Provided entries: Begin
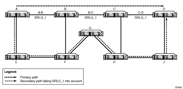 Figure 7 illustrates SRLG when LSP redundancy is used, where SRLG_1 contains the interfaces that define links A-B, B-C, and C-D. The primary path uses these links to connect node A to node D. In the event of a failure along the primary path, the secondary path cannot use any of the links in SRLG_1 and takes the path from node A to nodes E, F, G, H, J, and D.
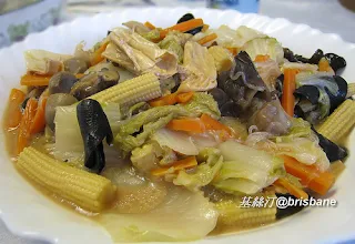 Para não cumprir a tradição à risca, é indispensável a presença do saboroso chouriço chinês (臘腸 lap chaeng) que o meu sogro compra numa lojinha ao pé do Mercado Vermelho e que é uma delícia.
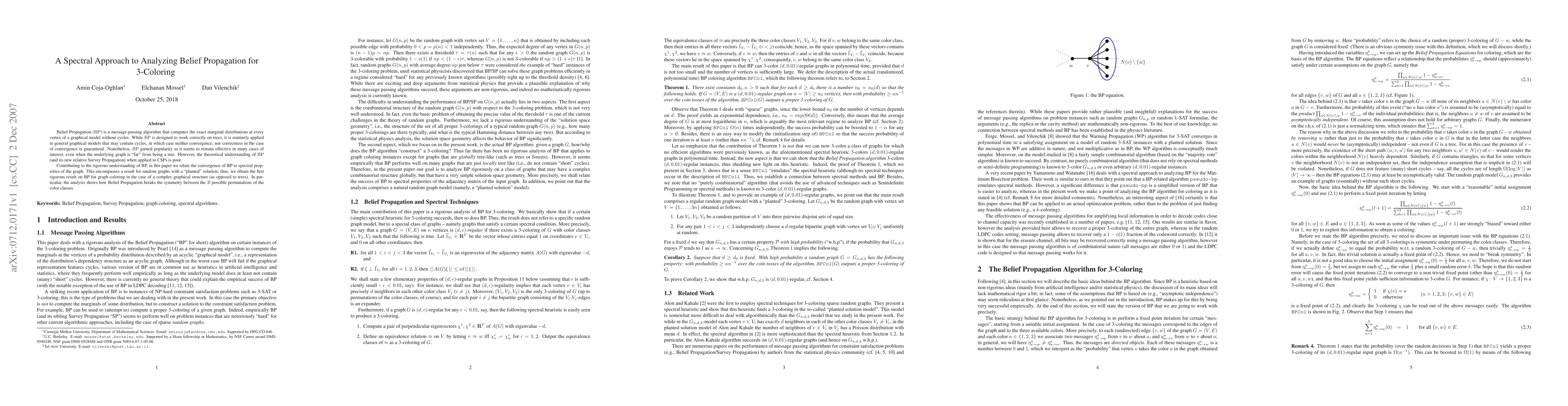 This paper rigorously analyzes the convergence of Belief Propagation (BP) for 3-coloring problems by linking it to spectral properties of the graph. It provides the first rigorous result for BP on complex graphical structures, demonstrating how BP breaks the symmetry among the $3!$ color permutations.
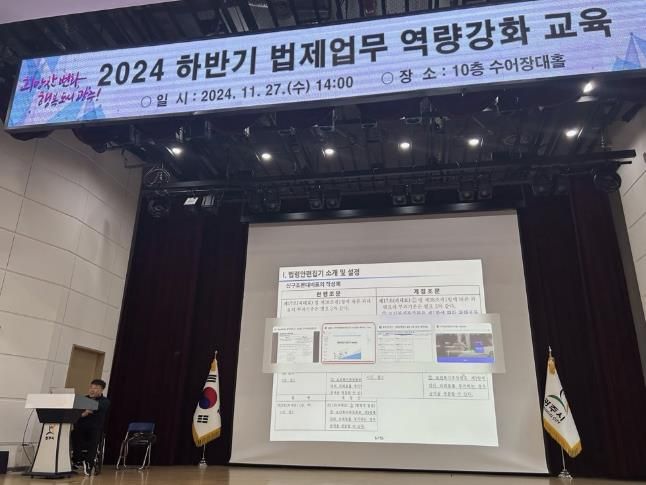 (중부시사신문) 광주시는 지난 27일 자치법규 입안 담당자와 신규 공직자 등 170여 명의 공직자를 대상으로 ‘2024년 하반기 법제업무 역량 강화 교육’을 했다.
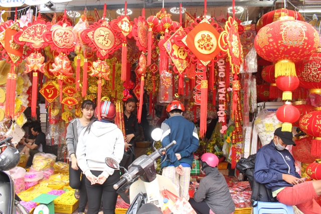 Chị Thi - chủ cửa hàng Minh Thi cho hay: “năm nào cũng vậy, cửa hàng của chị đều chuẩn bị đầy đủ các mặt hàng trang trí Tết từ rất sớm. Ngoài khách mua lẻ thì cửa hàng còn cung cấp cho nhiều đầu mối bán buôn khác. Để đảm bảo công việc được kinh doanh thuận lợi, ngoài số nhân viên thường trực, chị còn thuê thêm người để soạn và giao hàng kịp thời cho khách. Tầm từ 20 tháng Chạp, lượng khách mua hàng mới đông”.
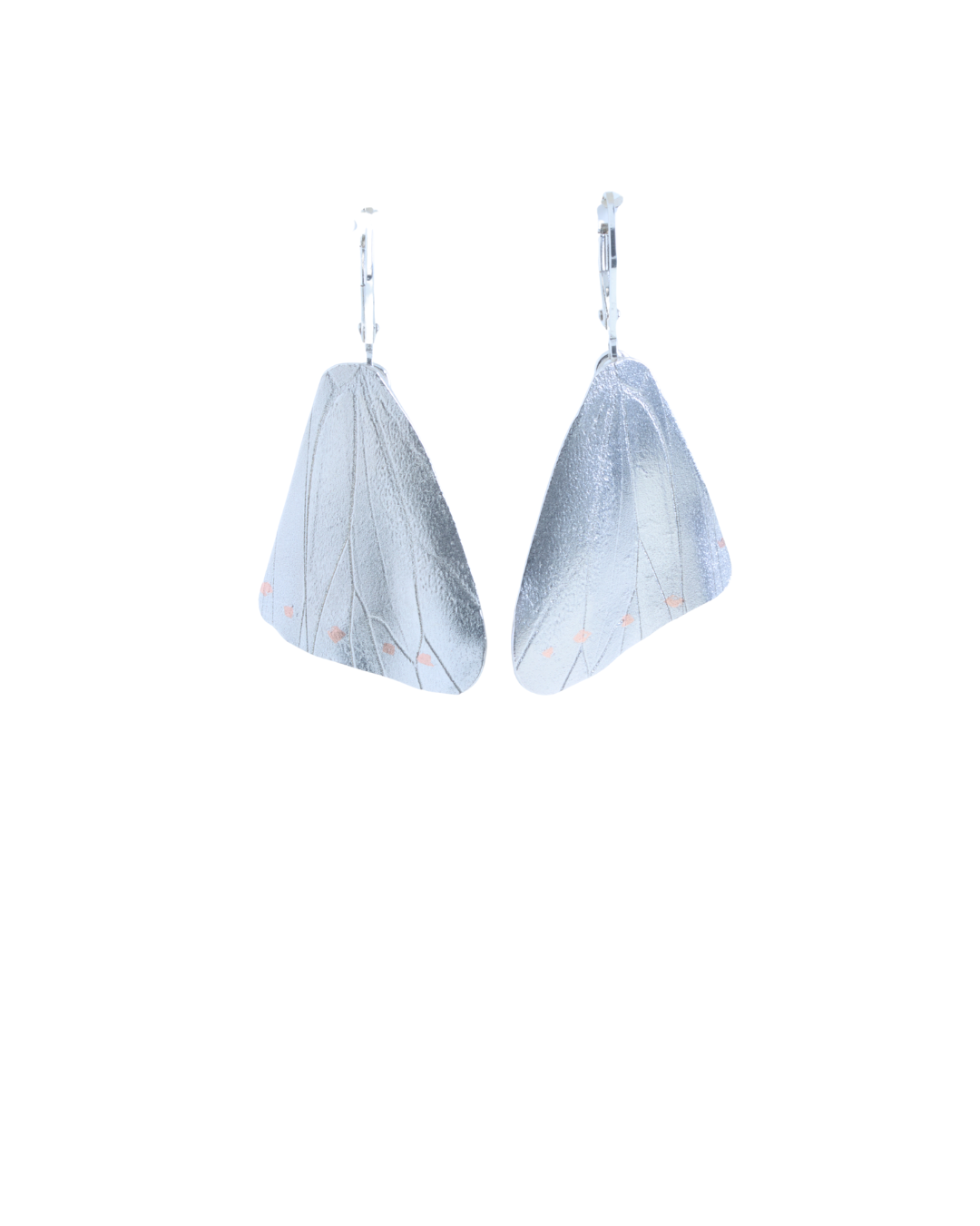 De vleugels hangen speels en bewegen subtiel, bevestigd aan een groot gesloten haakje. De afmetingen van de vleugel zijn 24 x 32 mm, waardoor de oorbellen een opvallende en elegante uitstraling hebben.
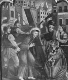 Pintura religiosa Home Acervo Museológico Pintura religiosa 006257 Baixar 006257 Baixar Nair de Moraes Carvalho - Anais MHN 1941 - volume II Baixar 006257 006257 Nair de Moraes Carvalho - Anais MHN 1941 - volume II Número de registro6257DenominaçãoPintura religiosaTítuloJesus encontra as mulheres de JerusalémAutorNão identificadoTécnicaóleo sobre madeiraMaterialmadeira | óleoForma de aquisiçãoDoaçãoFonte de aquisiçãoJosé MarianoReferência de aquisiçãoAnais do Museu Histórico Nacional - Vol. II (1941)Local de produçãoBrasil - BahiaClasse02 Artes Visuais/Cinematográfica > 02.6 PinturaData de produção17--Termos de indexaçãoARTE COLONIAL | ARTE RELIGIOSA | ARTE SACRA | BAHIA | BRASIL COLÔNIA | CATOLICISMO | IGREJA DA SÉ | JESUS CRISTO | PASSOS DA PAIXAO (R) | PASSOS DA PAIXÃO DE CRISTO | PASSOS DA VIA SACRA (R) | PINTURA COLONIAL | PINTURA RELIGIOSA | RELIGIÃO | RELIGIÃO CATÓLICA | SALVADOR | VIA SACRAAltura (cm)195,00Largura (cm)148,60Referências bibliográficasCARVALHO, Nair de Moraes. Os painéis dos antigos Passos da Baía. In: "Anais do MHN", v. II, 1941, p. 138-152. Explore mais itens Projétil01.4 Munição e Acessório Vestido12.8 Peça de Indumentária Crucifixo02.3 Escultura Pintura alegórica02.6 Pintura
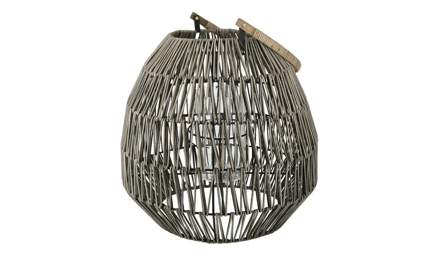 - Laterne aus dunkelgrauem Rattangeflecht
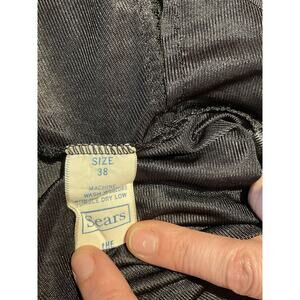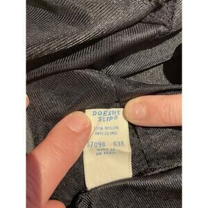 This vintage Sears slip top is a must-have for any glam rock lover's wardrobe. The black nylon material and original 1980s design make it a unique addition to any everyday outfit. The size 38 and regular fit make it comfortable and easy to wear for any occasion. The anti-cling feature adds an extra touch of comfort and the L intimates size ensures a perfect fit for women.
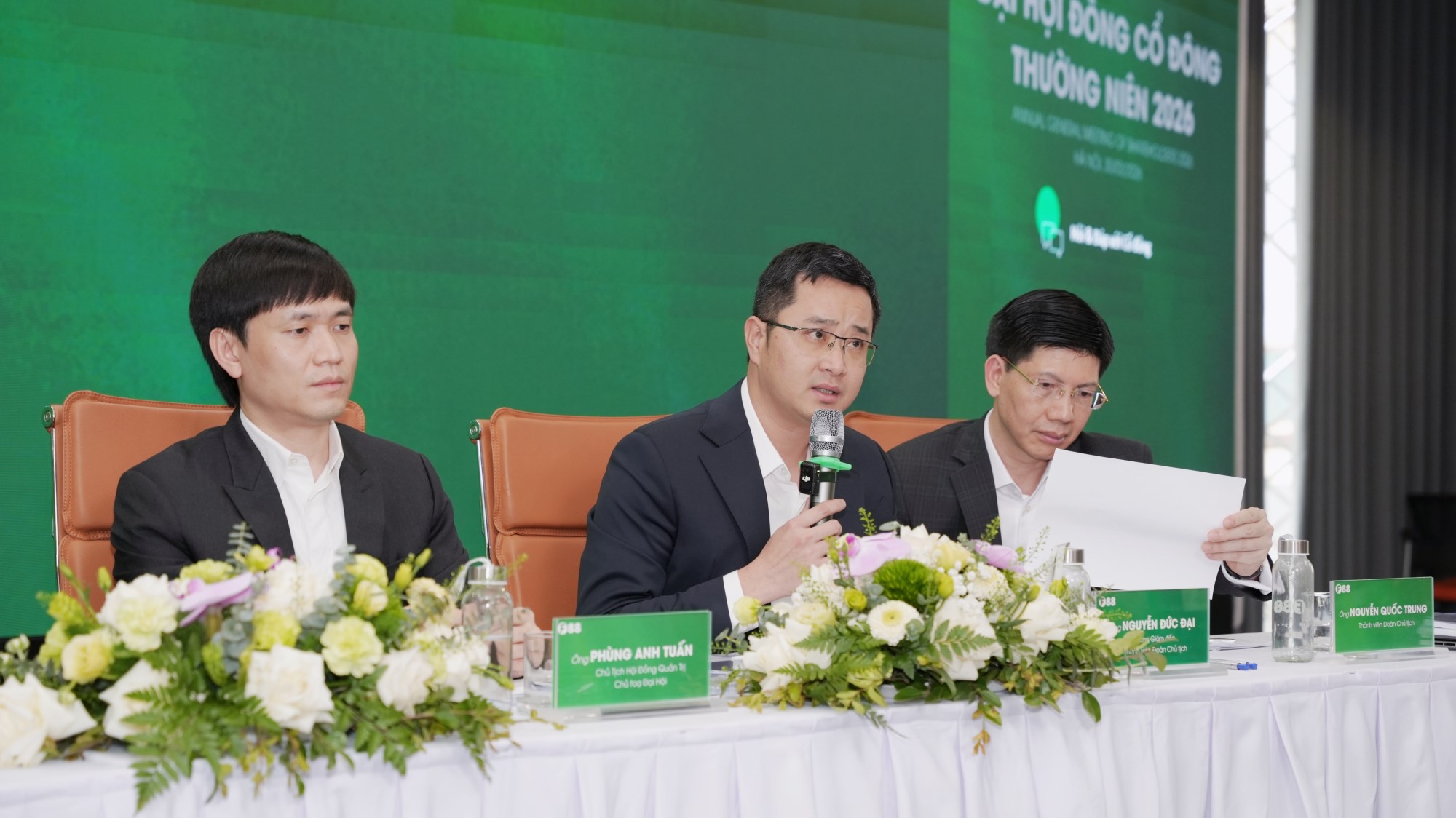 Ông Phùng Anh Tuấn - Chủ tịch HĐQT, là Chủ toạ đại hội. Ông Nguyễn Đức Đại - Tổng Giám đốc, thành viên đoàn Chủ tịch. Ngoài ra đoàn Chủ tịch còn có ông Nguyễn Quốc Trung, bà Trần Mai Thảo và ông Ngô Quang Hưng.
Provided entries: End
Output every entry word for word, but omit the pictures.

 Figure 7 illustrates SRLG when LSP redundancy is used, where SRLG_1 contains the interfaces that define links A-B, B-C, and C-D. The primary path uses these links to connect node A to node D. In the event of a failure along the primary path, the secondary path cannot use any of the links in SRLG_1 and takes the path from node A to nodes E, F, G, H, J, and D.
 Para não cumprir a tradição à risca, é indispensável a presença do saboroso chouriço chinês (臘腸 lap chaeng) que o meu sogro compra numa lojinha ao pé do Mercado Vermelho e que é uma delícia.
 This paper rigorously analyzes the convergence of Belief Propagation (BP) for 3-coloring problems by linking it to spectral properties of the graph. It provides the first rigorous result for BP on complex graphical structures, demonstrating how BP breaks the symmetry among the $3!$ color permutations.
 (중부시사신문) 광주시는 지난 27일 자치법규 입안 담당자와 신규 공직자 등 170여 명의 공직자를 대상으로 ‘2024년 하반기 법제업무 역량 강화 교육’을 했다.
 Chị Thi - chủ cửa hàng Minh Thi cho hay: “năm nào cũng vậy, cửa hàng của chị đều chuẩn bị đầy đủ các mặt hàng trang trí Tết từ rất sớm. Ngoài khách mua lẻ thì cửa hàng còn cung cấp cho nhiều đầu mối bán buôn khác. Để đảm bảo công việc được kinh doanh thuận lợi, ngoài số nhân viên thường trực, chị còn thuê thêm người để soạn và giao hàng kịp thời cho khách. Tầm từ 20 tháng Chạp, lượng khách mua hàng mới đông”.
 De vleugels hangen speels en bewegen subtiel, bevestigd aan een groot gesloten haakje. De afmetingen van de vleugel zijn 24 x 32 mm, waardoor de oorbellen een opvallende en elegante uitstraling hebben.
 Pintura religiosa Home Acervo Museológico Pintura religiosa 006257 Baixar 006257 Baixar Nair de Moraes Carvalho - Anais MHN 1941 - volume II Baixar 006257 006257 Nair de Moraes Carvalho - Anais MHN 1941 - volume II Número de registro6257DenominaçãoPintura religiosaTítuloJesus encontra as mulheres de JerusalémAutorNão identificadoTécnicaóleo sobre madeiraMaterialmadeira | óleoForma de aquisiçãoDoaçãoFonte de aquisiçãoJosé MarianoReferência de aquisiçãoAnais do Museu Histórico Nacional - Vol. II (1941)Local de produçãoBrasil - BahiaClasse02 Artes Visuais/Cinematográfica > 02.6 PinturaData de produção17--Termos de indexaçãoARTE COLONIAL | ARTE RELIGIOSA | ARTE SACRA | BAHIA | BRASIL COLÔNIA | CATOLICISMO | IGREJA DA SÉ | JESUS CRISTO | PASSOS DA PAIXAO (R) | PASSOS DA PAIXÃO DE CRISTO | PASSOS DA VIA SACRA (R) | PINTURA COLONIAL | PINTURA RELIGIOSA | RELIGIÃO | RELIGIÃO CATÓLICA | SALVADOR | VIA SACRAAltura (cm)195,00Largura (cm)148,60Referências bibliográficasCARVALHO, Nair de Moraes. Os painéis dos antigos Passos da Baía. In: "Anais do MHN", v. II, 1941, p. 138-152. Explore mais itens Projétil01.4 Munição e Acessório Vestido12.8 Peça de Indumentária Crucifixo02.3 Escultura Pintura alegórica02.6 Pintura
 - Laterne aus dunkelgrauem Rattangeflecht
 This vintage Sears slip top is a must-have for any glam rock lover's wardrobe. The black nylon material and original 1980s design make it a unique addition to any everyday outfit. The size 38 and regular fit make it comfortable and easy to wear for any occasion. The anti-cling feature adds an extra touch of comfort and the L intimates size ensures a perfect fit for women.
 Ông Phùng Anh Tuấn - Chủ tịch HĐQT, là Chủ toạ đại hội. Ông Nguyễn Đức Đại - Tổng Giám đốc, thành viên đoàn Chủ tịch. Ngoài ra đoàn Chủ tịch còn có ông Nguyễn Quốc Trung, bà Trần Mai Thảo và ông Ngô Quang Hưng.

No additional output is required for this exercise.